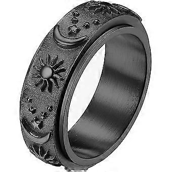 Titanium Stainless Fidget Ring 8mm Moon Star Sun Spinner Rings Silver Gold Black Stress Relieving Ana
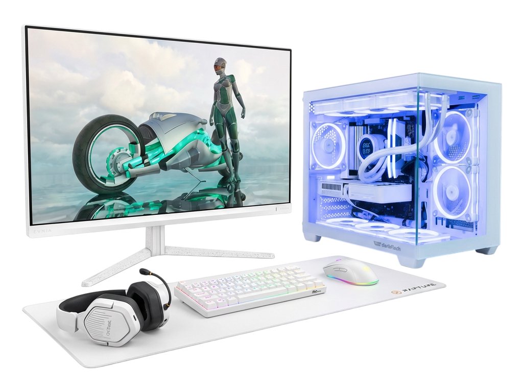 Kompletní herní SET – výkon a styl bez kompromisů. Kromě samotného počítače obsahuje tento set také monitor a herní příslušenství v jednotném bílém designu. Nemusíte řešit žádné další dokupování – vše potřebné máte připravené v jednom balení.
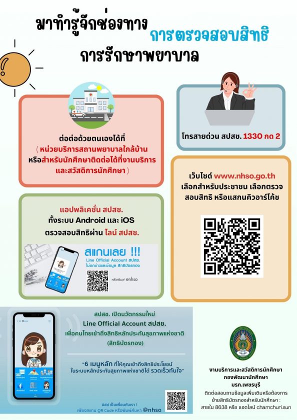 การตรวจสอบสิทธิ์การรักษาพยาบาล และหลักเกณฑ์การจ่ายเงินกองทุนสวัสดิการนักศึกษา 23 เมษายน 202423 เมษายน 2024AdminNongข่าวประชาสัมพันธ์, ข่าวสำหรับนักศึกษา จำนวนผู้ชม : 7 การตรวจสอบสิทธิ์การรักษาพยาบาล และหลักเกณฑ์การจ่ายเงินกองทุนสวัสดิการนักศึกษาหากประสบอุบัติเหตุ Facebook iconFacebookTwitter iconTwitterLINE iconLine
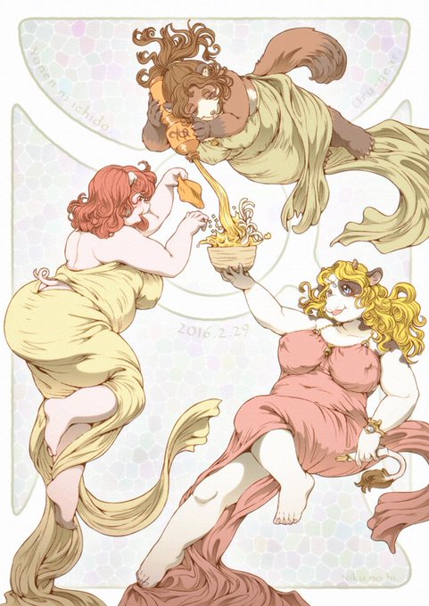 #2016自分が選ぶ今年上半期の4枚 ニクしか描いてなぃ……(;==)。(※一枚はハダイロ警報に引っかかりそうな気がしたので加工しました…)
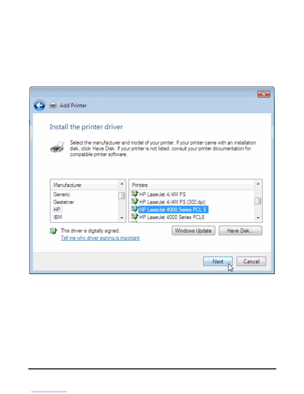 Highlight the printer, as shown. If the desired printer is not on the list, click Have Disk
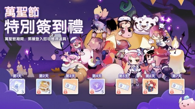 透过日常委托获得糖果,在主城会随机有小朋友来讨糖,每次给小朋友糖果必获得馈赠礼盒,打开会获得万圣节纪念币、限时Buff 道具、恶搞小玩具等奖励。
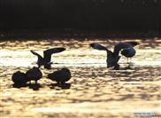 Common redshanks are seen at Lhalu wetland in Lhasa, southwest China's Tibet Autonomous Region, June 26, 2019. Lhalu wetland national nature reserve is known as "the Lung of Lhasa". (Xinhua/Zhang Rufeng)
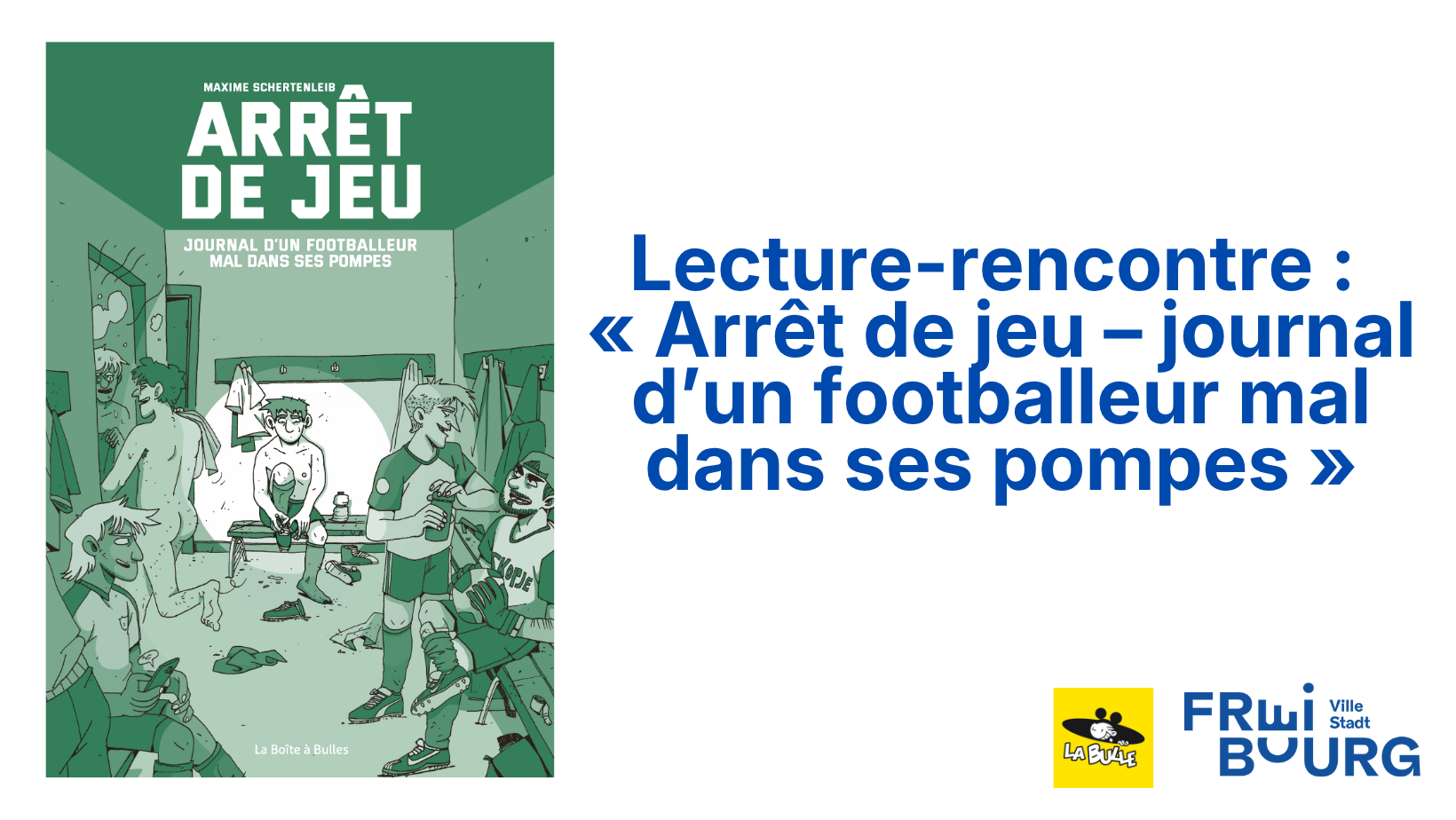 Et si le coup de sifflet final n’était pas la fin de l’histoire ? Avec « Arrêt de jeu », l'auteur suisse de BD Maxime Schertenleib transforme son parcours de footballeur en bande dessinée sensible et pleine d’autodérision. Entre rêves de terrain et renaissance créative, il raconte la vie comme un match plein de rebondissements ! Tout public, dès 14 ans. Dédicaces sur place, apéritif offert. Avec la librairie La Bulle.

* **Activity**
Using the records above, repeat exactly the run of lines that starts with the line with "Kompletní herní SET" and goes on through the line with "#2016自分が選ぶ今年上半"; omit each picture.

* **Response**
 Kompletní herní SET – výkon a styl bez kompromisů. Kromě samotného počítače obsahuje tento set také monitor a herní příslušenství v jednotném bílém designu. Nemusíte řešit žádné další dokupování – vše potřebné máte připravené v jednom balení.
 การตรวจสอบสิทธิ์การรักษาพยาบาล และหลักเกณฑ์การจ่ายเงินกองทุนสวัสดิการนักศึกษา 23 เมษายน 202423 เมษายน 2024AdminNongข่าวประชาสัมพันธ์, ข่าวสำหรับนักศึกษา จำนวนผู้ชม : 7 การตรวจสอบสิทธิ์การรักษาพยาบาล และหลักเกณฑ์การจ่ายเงินกองทุนสวัสดิการนักศึกษาหากประสบอุบัติเหตุ Facebook iconFacebookTwitter iconTwitterLINE iconLine
 #2016自分が選ぶ今年上半期の4枚 ニクしか描いてなぃ……(;==)。(※一枚はハダイロ警報に引っかかりそうな気がしたので加工しました…)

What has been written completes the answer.